We explore martingale and convex duality techniques to maximize expected risk-averse utility from consumption in a general multi-dimensional (non-Markovian) semimartingale market model with jumps and non-linear wealth dynamics. The model allows to incorporate additional cash flows via non-linear margin payment functions in the drift term that depend on the allocation proportion. These can be used to cast frictions such as the impact of the portfolio choices of a ‘large’ investor on the expected assets’ returns, funding costs arising from differential borrowing and lending rates, and the cash inflow of a firm in a neoclassical economy with constant return-to-scale Cobb–Douglas technology subject to exogenous aggregate shocks.

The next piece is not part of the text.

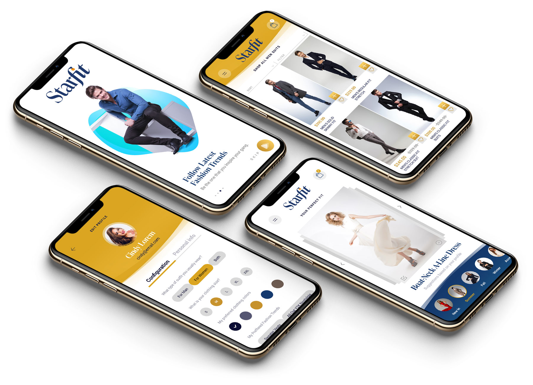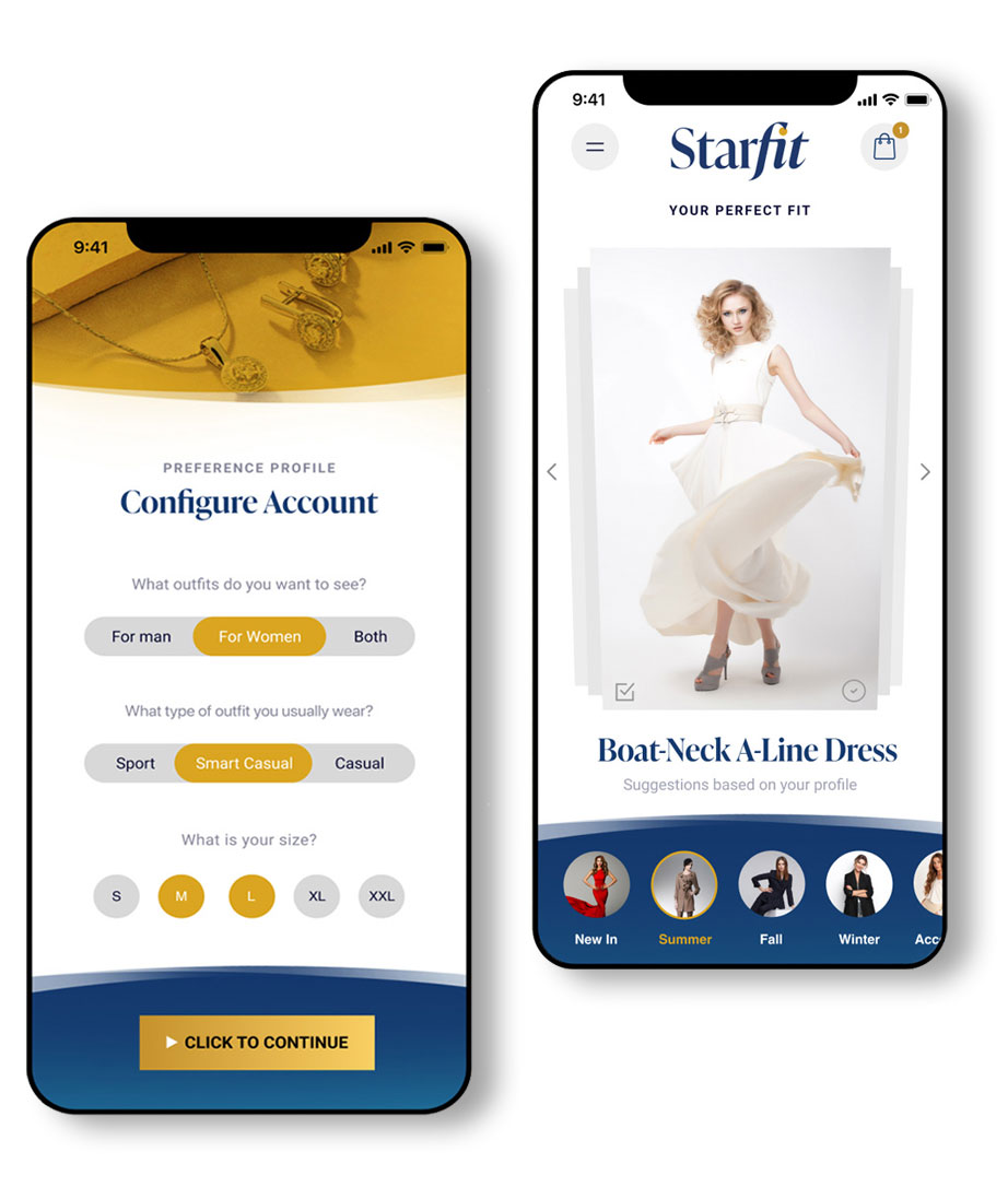 Leveraging advanced app intelligence based on market availability and personal preferences, Starfit provides individual clothing items or complete outfit suggestions.

We provide a general verification theorem for random utility fields satisfying the usual Inada conditions, find conditions under which jumps in our model lead to precautionary saving, and present an explicit characterization for CRRA. We report two-fund separation-type results which assert that optimal allocations move along one-dimensional segments, and illustrate our results numerically for various margin payment functions and bounded variation tempered \(\alpha \)-stable jumps.

Appendix

Proof of Theorem 1

We prove first part (b). Since \(Y_0^{x,\hat{\varphi }}/H_0^{\hat{\varphi }}=\mathcal {X}^{\varphi }(\mathcal {Y}^{\varphi }(x))=x,\) it suffices to show that \(Y^{x,\hat{\varphi }}/H^{\hat{\varphi }}\) satisfies the wealth equation (9) for the pair \((\hat{\pi },\hat{\gamma }).\)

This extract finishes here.